Here's what changed:

Before:

  • Me: "Build a data visualization dashboard"
  • AI: [Writes 800 lines of code]
  • Me: "Uh... okay, looks good?"

After:

  • Me: [Writes PRD defining requirements]
  • Spec tool: [Generates functional spec, technical plan, task breakdown]
  • AI: [Executes Task 1: Set up routing structure]
  • Me: "Oh - so that's where the pages live. Got it."
  • AI: [Executes Task 2: Create data service layer]
  • Me: "And that's the abstraction for API calls. Makes sense."

The difference? I could see what was being built, step by step.

What I'm Actually Seeing Now

I still don't fully understand the code. I can't write a React component from scratch. But now I can see:

  • Architecture patterns: "This uses a service layer to separate concerns"
  • Data flow: "User input goes through validation, hits the API, updates state"
  • Error boundaries: "If the API fails, it falls back to cached data"

It's like the difference between watching someone cook versus following a recipe. I'm not a chef yet. But I know why they added the garlic before the tomatoes.

The Security Wake-Up Call

Shipping fast also meant I was shipping vulnerabilities I didn't know existed.

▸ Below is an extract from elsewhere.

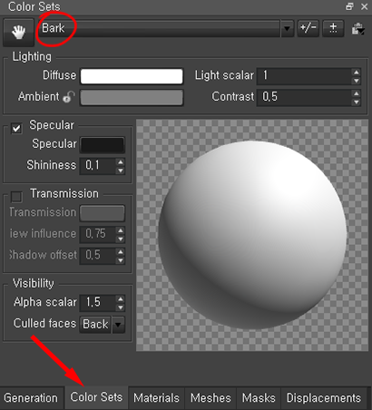 9)이 재질은 diffuse, specular와 같은 표면성질의 정도를 color sets탭의 bark에서 설정합니다.

Things I wasn't thinking about:

  • Rate limiting: What stops someone hammering my API?
  • Input validation: Am I trusting user input I shouldn't?
  • Secret exposure: Are API keys visible in client code?
  • Client-side calculations: Can users manipulate pricing logic in the browser?

Vibe coding taught me to ship. Spec-driven development is teaching me to ship safely.

Now my PRDs include a security checklist:

  • Where does validation happen?
  • What needs rate limiting?
  • Are secrets server-side only?
  • What's the blast radius if this fails?

I don't implement these perfectly. But at least I'm asking the questions.

What This Actually Looks Like

Here's a real example from DataSphere:

The vibe-coded version (Week 1):

  • No error handling
  • Secrets in environment variables (but exposed client-side)
  • Zero rate limiting

The spec-driven rebuild (Week 2):

  • PRD defined data flow and security requirements
  • Tasks broke down: validation layer, error boundaries, rate limiting
  • AI implemented each piece with clear separation

Same feature. Same AI. Different approach.

The first version worked. The second version was something I could maintain.

The Tradeoff I'm Still Figuring Out

Spec-driven development takes longer upfront. Writing a PRD and breaking it into specs adds 30-60 minutes before any code gets written.

But execution is faster. And I'm not backtracking to fix security holes or untangle spaghetti architecture.

The pattern I'm testing:

  • Quick prototypes: Vibe code it. See if the idea has legs.
  • Real tools: Spec it first. Build it right.

Still early. Ask me again in three months.

What I Learned

Velocity without visibility is fragile.

I can ship features fast with AI agents. But if I can't see the architecture, I can't maintain it. Or secure it. Or explain it.

Spec-driven development didn't slow me down. It gave me a map of what was being built.

I still don't write the code myself. But now I can see the shape of what's being created. That's the difference between using AI as a black box and using it as a collaborator.

The goal isn't to understand every line of code. It's to understand the system well enough to ask: "Is this what we actually need?"

Sometimes the answer is yes. Sometimes it's "wait, why are we calculating prices on the client?"

That's the question I couldn't ask three weeks ago.

Now I can.


Tools I'm exploring:

  • Spec-Kit: Spec-driven development framework
  • GSD: Claude power development workflow
  • Qdrant: Vector database for RAG applications
  • OpenRouter: Multi-model API access

What's next:

  • DataSphere: Learning Management System to host a colleague's Data Science expertise
  • Coaching Animator: Visual training session builder
  • Security hardening: Retrofitting older projects with proper validation

If you're vibe coding fast and starting to feel like you're building on sand - try writing a PRD before your next feature. Even a bad spec is better than no spec.

You might not understand the code. But at least you'll see what's being built.